I have favored in everything the fashion for banality, permitting a tide of bizarre noises to smother the Gregorian melodies which are prayers before they are songs. Why? Because of the simple fact that at a certain moment – as a faithful friend of God, the rabbi Abraham Joshua Heschel, has revealed in the Jewish camp – we, too, were concerned more with filling the places of worship with anonymous crowds than with exerting ourselves as much as possible to fill the hearts of the faithful with the Word of God. [...]
I have in fact permitted, among other things, the expulsion of Gregorian chant from the liturgy, and I have favored, instead, the spread of noisy and sappy things which, apart from their artistic incoherence, are not capable of orienting hearts toward God. [...]
With nothing but pretty words of praise for Gregorian chant, I have contributed to the commission of a theft that I hope is not irretrievable.
I have deprived the people of God of a good that was given by the Spirit through the mission of so many poets and cantors who throughout the centuries have constructed that monument to God, with its character of beauty.
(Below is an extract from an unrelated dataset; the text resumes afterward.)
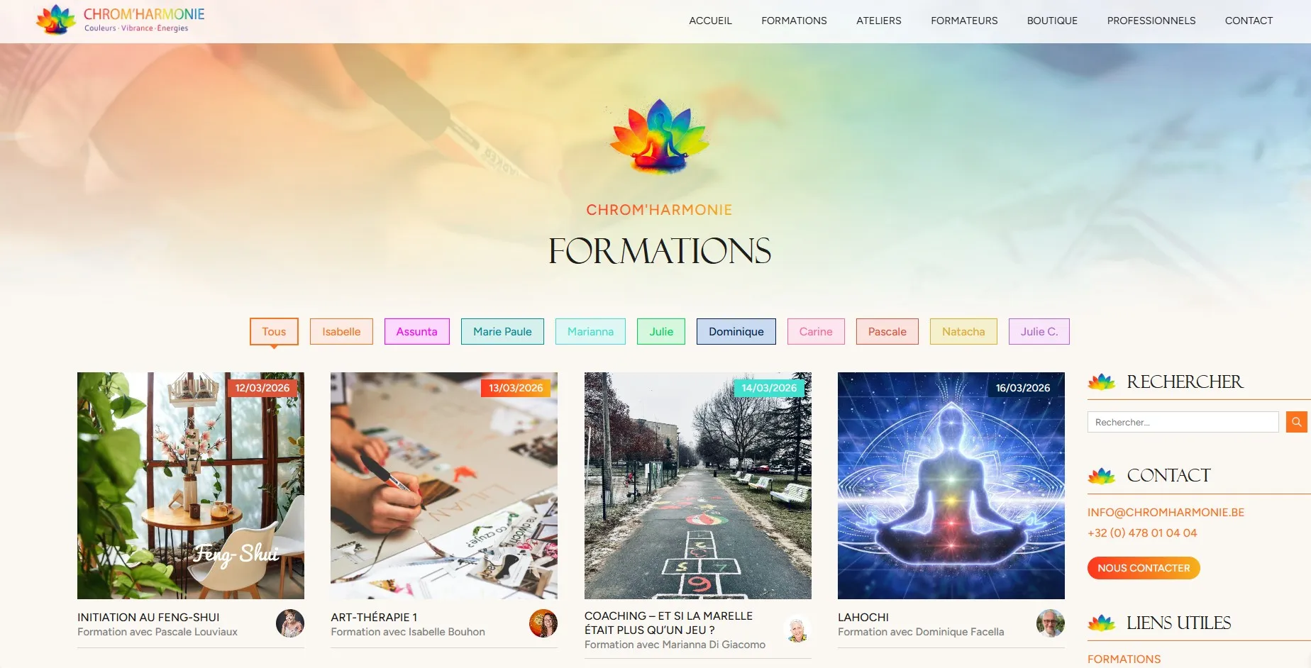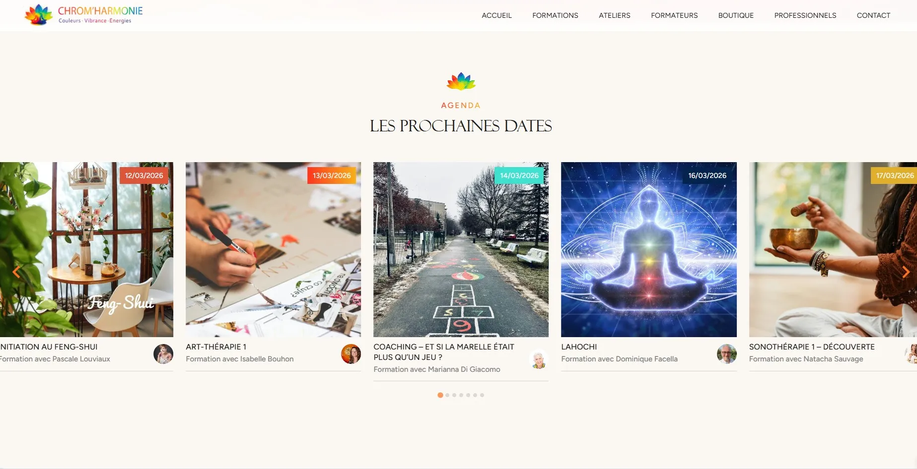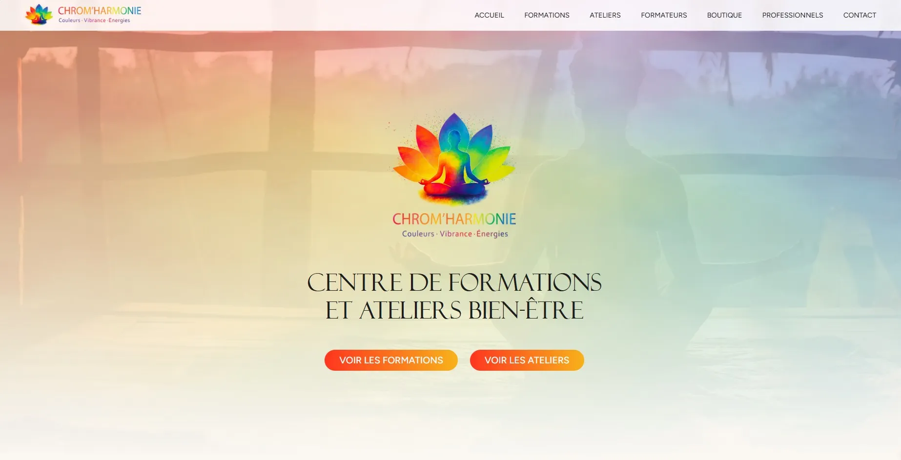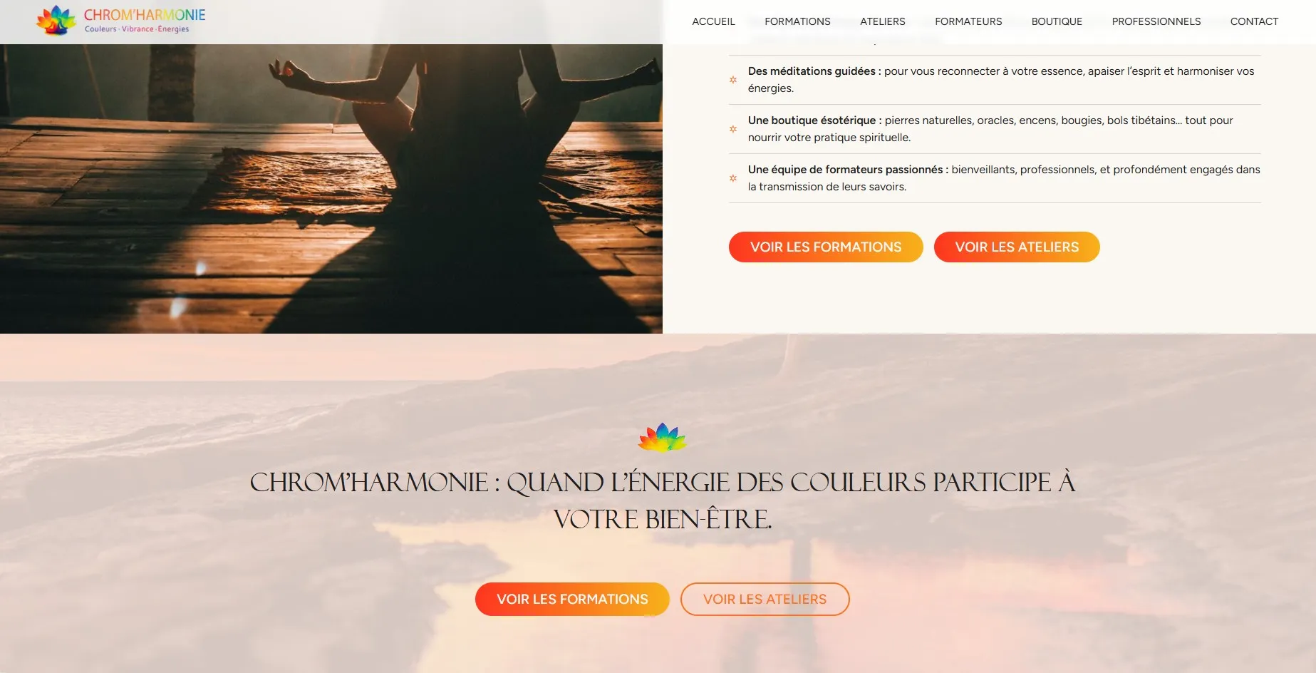 Le site Chrom’Harmonie est le fruit d’une deuxième collaboration avec Isabelle Bouhon, qui m’a à nouveau fait confiance après la création de son site artistique Chrom’Art. Conçu pour refléter l’univers harmonieux du centre, il met en avant les formations certifiantes, les ateliers bien-être et une équipe pédagogique passionnée, avec réservation et paiement en ligne pour une expérience fluide et professionnelle.

In part for this reason, many celebrations, I am told, are moments of alienation in an annoyance and distress that cannot be compensated by a legalistic praxis.
And I have something to say to you, young people from all over the world whom I hold close to my heart. [...] I think with sadness of the euphoria that has pervaded so many of our massive encounters, which have often been like soap bubbles that have disappeared into nothingness, leaving bitter tears of burning disappointment. [...]
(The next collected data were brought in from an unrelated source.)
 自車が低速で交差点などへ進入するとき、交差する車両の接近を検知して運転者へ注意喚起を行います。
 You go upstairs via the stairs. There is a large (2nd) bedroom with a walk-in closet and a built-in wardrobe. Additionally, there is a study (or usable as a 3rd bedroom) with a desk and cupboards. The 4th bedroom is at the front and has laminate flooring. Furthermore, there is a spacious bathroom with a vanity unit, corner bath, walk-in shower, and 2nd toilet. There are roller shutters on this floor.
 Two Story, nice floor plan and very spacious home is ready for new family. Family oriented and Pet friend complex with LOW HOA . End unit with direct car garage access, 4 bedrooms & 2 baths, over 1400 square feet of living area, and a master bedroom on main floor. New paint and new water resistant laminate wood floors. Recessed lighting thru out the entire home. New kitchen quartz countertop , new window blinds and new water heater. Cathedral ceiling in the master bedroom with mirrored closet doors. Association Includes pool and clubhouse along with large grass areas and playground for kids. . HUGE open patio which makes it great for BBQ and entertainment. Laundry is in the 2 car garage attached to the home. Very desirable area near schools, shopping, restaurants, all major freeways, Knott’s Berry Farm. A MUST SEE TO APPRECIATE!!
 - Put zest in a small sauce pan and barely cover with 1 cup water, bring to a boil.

I would like, finally, to urge the pastors to restate forcefully the centrality of the liturgical life and its music in Christian existence.
Indifference toward sacred music is all the more blameworthy insofar as such an attitude in fact conceals a total lack of interest in the liturgy itself. I am talking about the liturgy and sacred music, and not about their vile substitutes.
The authenticity of the liturgical experience is not confirmed by the enthusiastic welcome of the moment, by the crowd pressing in against the aged pontiff. The liturgy is authentic through the charity that works invisibly, and is nourished by the silence of adoration.
This is the silence from which Gregorian chant was born more than a thousand years ago, a silence that even today is the only vital space in which the new singing for the liturgy of tomorrow can take shape. [...]
Forgive me, brothers and sons! May God grant me a son’s audacity to turn to Him, aided by the singing of your assemblies.
Exert yourselves in finding, in the fear and trembling of adoration, the way to recover Gregorian chant: the guide along our journey of faith, the light that illumines the words of the eternal Father and of his blessed Son, in the gentle power of the Spirit. Amen!
_________
Giacomo Baroffio, the author of the texts presented above, is one of the world’s foremost scholars of Gregorian chant, ancient Roman chant, Ambrosian chant, and medieval liturgies.
He teaches the history of medieval music and the history of the liturgy at the University of Pavia – in the faculty of musicology in Cremona – and medieval musical paleography at the Catholic University of Milan.
From 1982 to 1995, he has been an instructor of Gregorian chant, and rector of the Pontifical Institute of Sacred Music in Rome, the Holy See’s musical conservatory.
Born in Novara in 1940, he studied violin and harmony in Italy, musicology, art history, philosophy, and liturgy in Germany, and in Rome – as a Benedictine – theology and monastic spirituality.
He is director of the “Rivista Internazionale di Musica Sacra.” He is the author of books and essays published in multiple languages. He has produced and conducted recordings of Gregorian and Ambrosian chant.